§ **WHAT IS EXPECTED**
For the material below, the expected output is exactly the lines between the line holding "illustration fanart inspiré" and the line holding "Ovaj vučni kamion", inclusive, with pictures left out.

§ **ENTRIES SUPPLIED**
★ ★ ★ ★
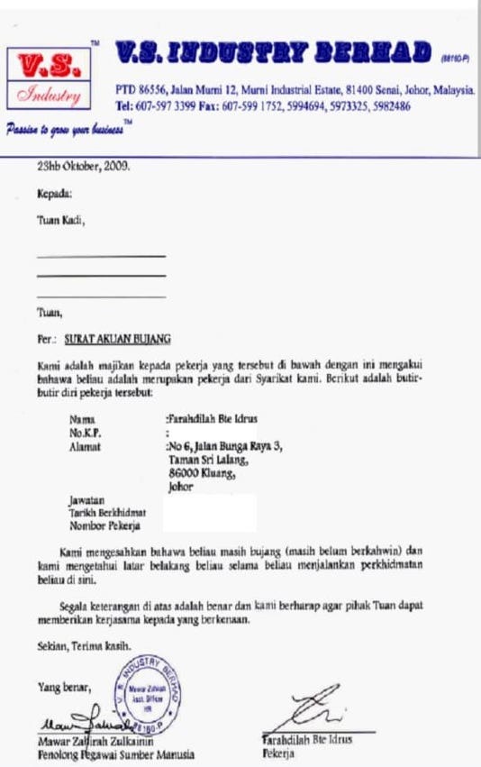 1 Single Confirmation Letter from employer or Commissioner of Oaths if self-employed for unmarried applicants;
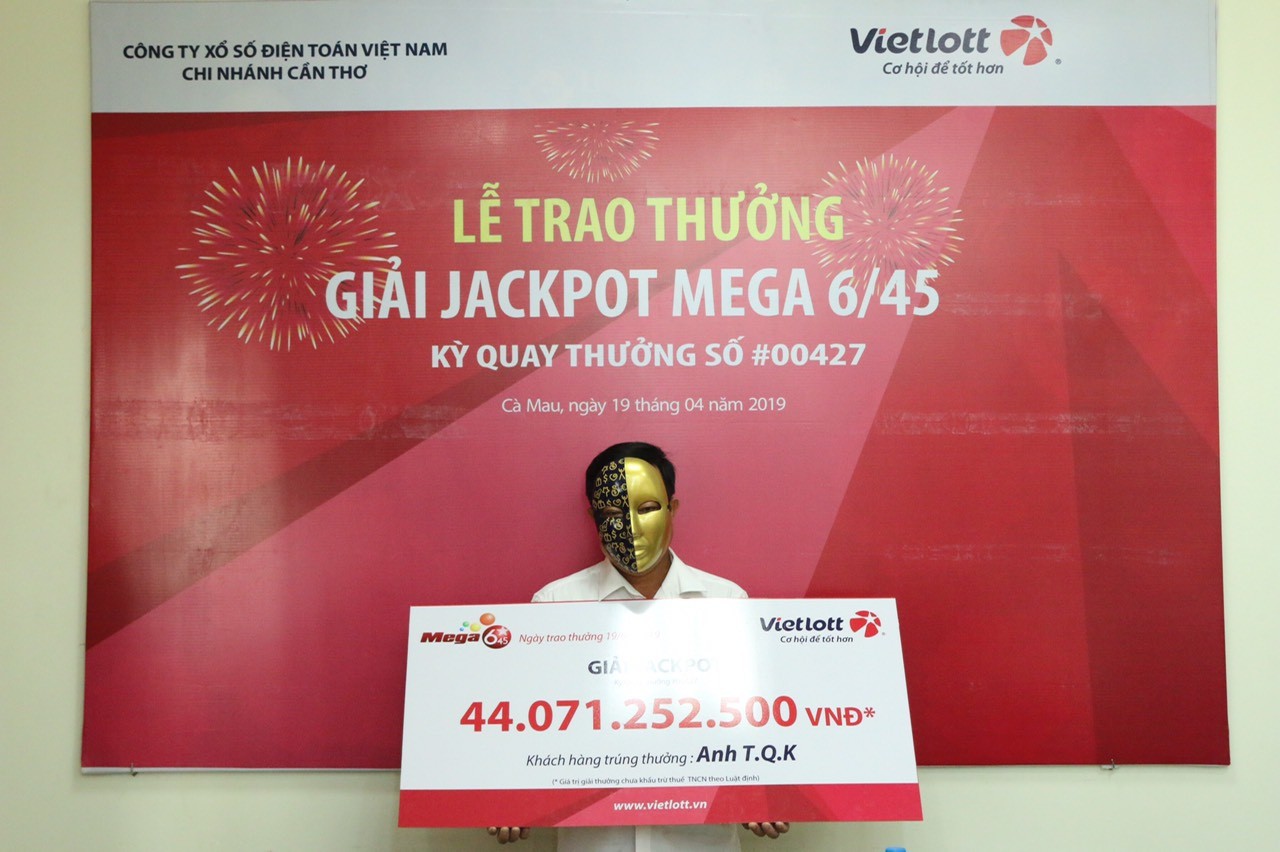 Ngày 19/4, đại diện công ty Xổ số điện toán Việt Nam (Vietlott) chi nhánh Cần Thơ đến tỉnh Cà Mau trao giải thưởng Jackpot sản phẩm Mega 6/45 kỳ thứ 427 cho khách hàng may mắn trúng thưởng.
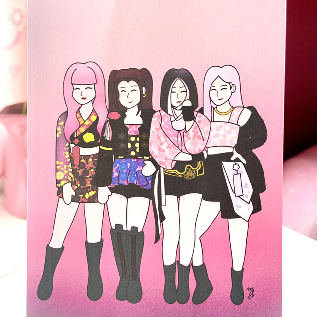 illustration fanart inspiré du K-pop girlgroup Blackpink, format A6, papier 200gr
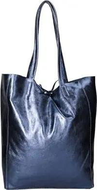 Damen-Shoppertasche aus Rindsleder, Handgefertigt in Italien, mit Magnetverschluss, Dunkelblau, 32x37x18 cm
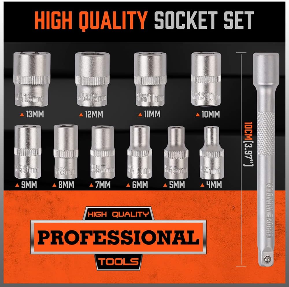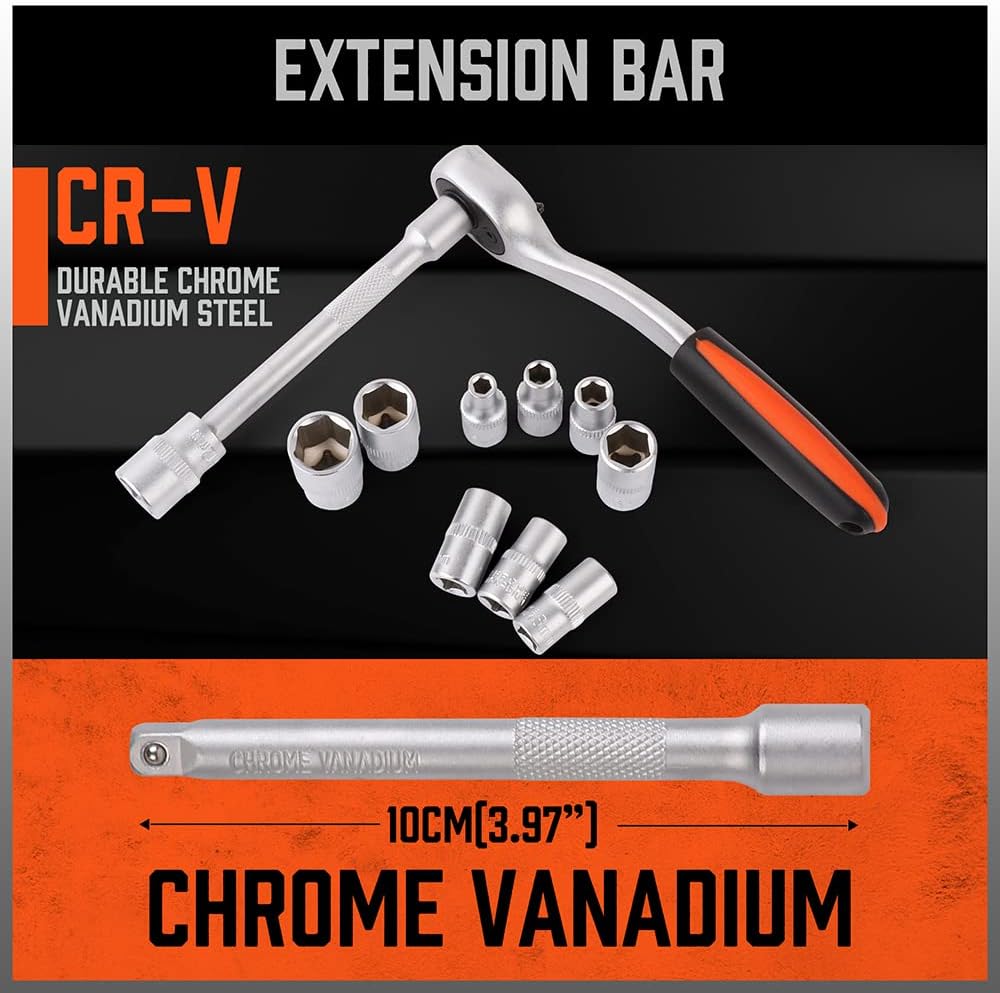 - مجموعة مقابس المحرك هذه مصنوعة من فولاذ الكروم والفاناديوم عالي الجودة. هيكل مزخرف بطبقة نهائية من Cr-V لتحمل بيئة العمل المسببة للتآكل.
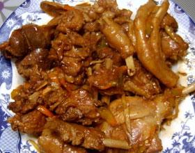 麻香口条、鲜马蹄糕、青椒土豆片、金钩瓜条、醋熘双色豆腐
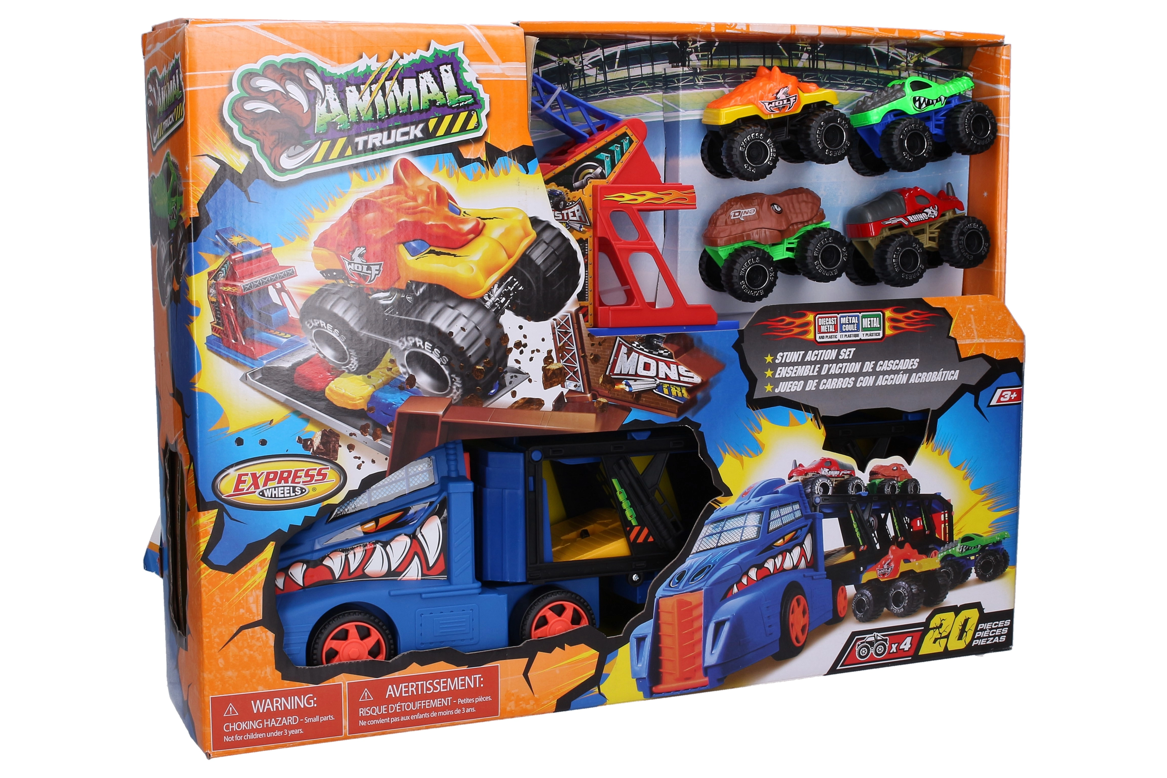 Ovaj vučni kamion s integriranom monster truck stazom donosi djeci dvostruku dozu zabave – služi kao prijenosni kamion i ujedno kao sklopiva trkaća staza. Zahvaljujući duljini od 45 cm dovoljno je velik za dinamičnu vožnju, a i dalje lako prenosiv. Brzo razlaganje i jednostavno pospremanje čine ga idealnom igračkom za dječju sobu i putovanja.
★ ★ ★ ★
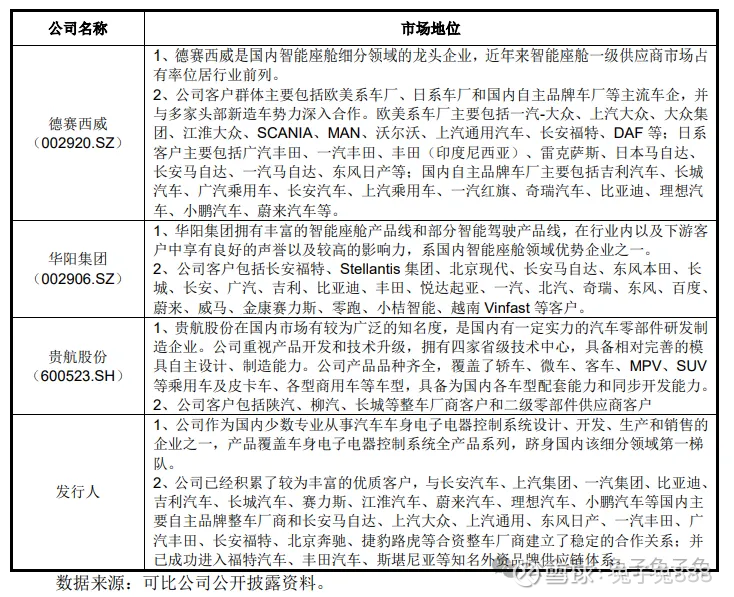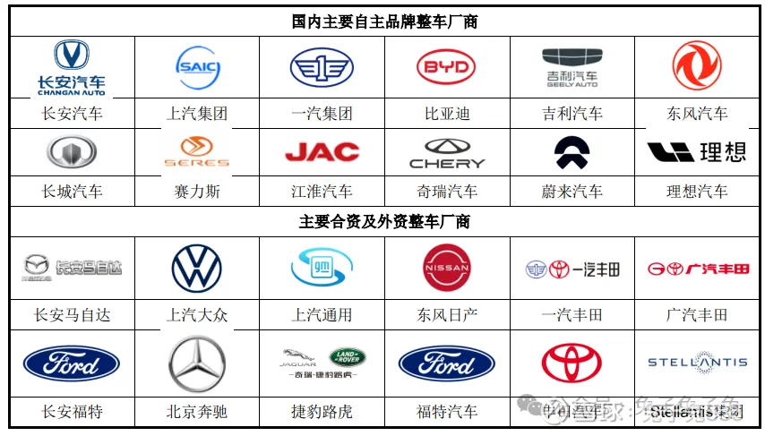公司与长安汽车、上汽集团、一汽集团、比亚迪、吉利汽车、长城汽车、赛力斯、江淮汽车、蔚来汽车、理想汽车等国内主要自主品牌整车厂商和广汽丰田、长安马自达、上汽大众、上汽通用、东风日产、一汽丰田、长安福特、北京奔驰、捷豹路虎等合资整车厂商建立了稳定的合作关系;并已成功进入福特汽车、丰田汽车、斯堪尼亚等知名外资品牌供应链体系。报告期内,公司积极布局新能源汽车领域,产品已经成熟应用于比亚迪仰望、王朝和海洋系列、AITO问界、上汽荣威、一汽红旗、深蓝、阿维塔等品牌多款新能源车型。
★ ★ ★ ★
§ **FINISHED EXERCISE**
 illustration fanart inspiré du K-pop girlgroup Blackpink, format A6, papier 200gr
 Damen-Shoppertasche aus Rindsleder, Handgefertigt in Italien, mit Magnetverschluss, Dunkelblau, 32x37x18 cm
 - مجموعة مقابس المحرك هذه مصنوعة من فولاذ الكروم والفاناديوم عالي الجودة. هيكل مزخرف بطبقة نهائية من Cr-V لتحمل بيئة العمل المسببة للتآكل.
 麻香口条、鲜马蹄糕、青椒土豆片、金钩瓜条、醋熘双色豆腐
 Ovaj vučni kamion s integriranom monster truck stazom donosi djeci dvostruku dozu zabave – služi kao prijenosni kamion i ujedno kao sklopiva trkaća staza. Zahvaljujući duljini od 45 cm dovoljno je velik za dinamičnu vožnju, a i dalje lako prenosiv. Brzo razlaganje i jednostavno pospremanje čine ga idealnom igračkom za dječju sobu i putovanja.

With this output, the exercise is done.